Basehart is a truly nasty character and, despite not killing anybody in this film, is the real villain of the piece.  His deceased employer’s body is barely cold when he starts putting the moves on Turner, presumably with an interest that is more financial than romantic.  He prevents John Saxon from acquiring the operation, which Nolan had promised the young tug boat captain.  It is later revealed Basehart even drove Saxon’s dad to commit suicide, when everybody believed it was Nolan behind that.  It’s no surprise it is eventually decided Basehart needs to be eliminated.  As Quinn tells Turner at one point: “You can trap a fox.  A wolf is more dangerous.  A wolf, you have to kill.”

One of the great many things I found odd about this film is Saxon is romantically involved with Sandra Dee, as Nolan’s daughter from a previous marriage.  That must be a tad awkward getting cozy with the daughter of the man you believe drove your father to asphyxiate himself.  Could it be one of them is sending Turner the anonymous letters saying they know she committed murder?

Almost everybody in this is a potential suspect for the writer of these poison pen letters.  Ray Walston is effectively creepy as a chauffer who barely conceals his spite behind his obsequious manner.  Anna Mae Wong is a housekeeper who always seems to vaguely disapprove of whatever Turner is doing at any given time.  Heck, even the young son of the family (Dennis Kohler), is jokingly floated as a candidate, in a conversation between him and Walston, which is the only intentional laugh in the film.  The chauffer asks Kohler, “Who would dare tamper with the U.S. mail?”  The young boy dramatically looks sideways in one direction and then the other before shouting, “ME!”  I never thought I would say this, but here’s a kid who should have been in a movie more than the scant minutes in which he appears.

Otherwise, this is a very dreary affair, except for all the unintentional humor.  It is even a curiously dark film in appearance, such as a moment where Turner cuts through a department store to catch a cab to see Quinn in secret.  I find real-world footage in places like that to be a fascinating time capsule, but it’s too dark here to really see anything.  At least that was a real location in a film that is overwhelmingly set-bound.  Even Nolan’s funeral is on a set, as if they couldn’t find a small patch of land anywhere to stage one.
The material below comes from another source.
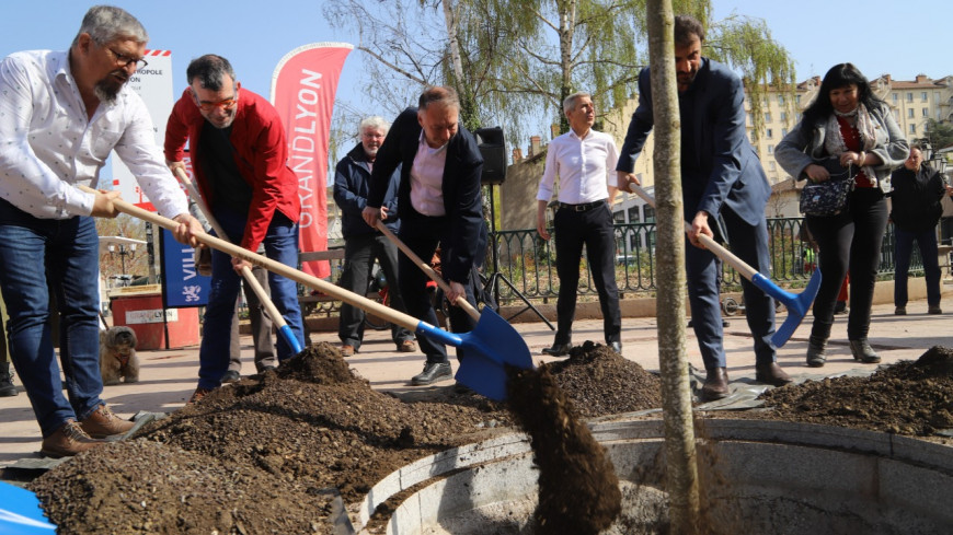 Ce lundi matin, le président de la Métropole Bruno Bernard, le maire de Lyon Grégory Doucet, le maire du 8e arrondissement Olivier Berzane ainsi que le vice-président de la Métropole chargé de l'Environnement Pierre Athanaze étaient réunis sur la place Ambroise Courtois pour la plantation de 15 nouveaux érables. Une démarche qui s’inscrit dans le Plan Nature de la Métropole de Lyon.
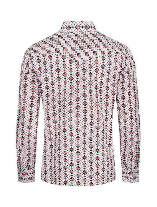 Rodeo Clothing Men's Long Sleeve Shirt - White with Black & Coral Aztec Print

The opening credits of Portrait in Black correctly suggest the kind of bombastic picture we’re about to experience.  Given how so many scenes are on sets (including ones it made no sense to shoot in a studio), it’s no surprise this is based on a play.  There are credits for gowns by somebody and jewels provided by somebody else.  There’s even credits for oil paintings on loan from some gallery.  But who was responsible for the lousy image quality, so dark and so muted that the picture is almost monochromatic?  That would be Pathe.  I can only assume there wasn’t enough room on the title card to add the letters “t”, “i” and “c”.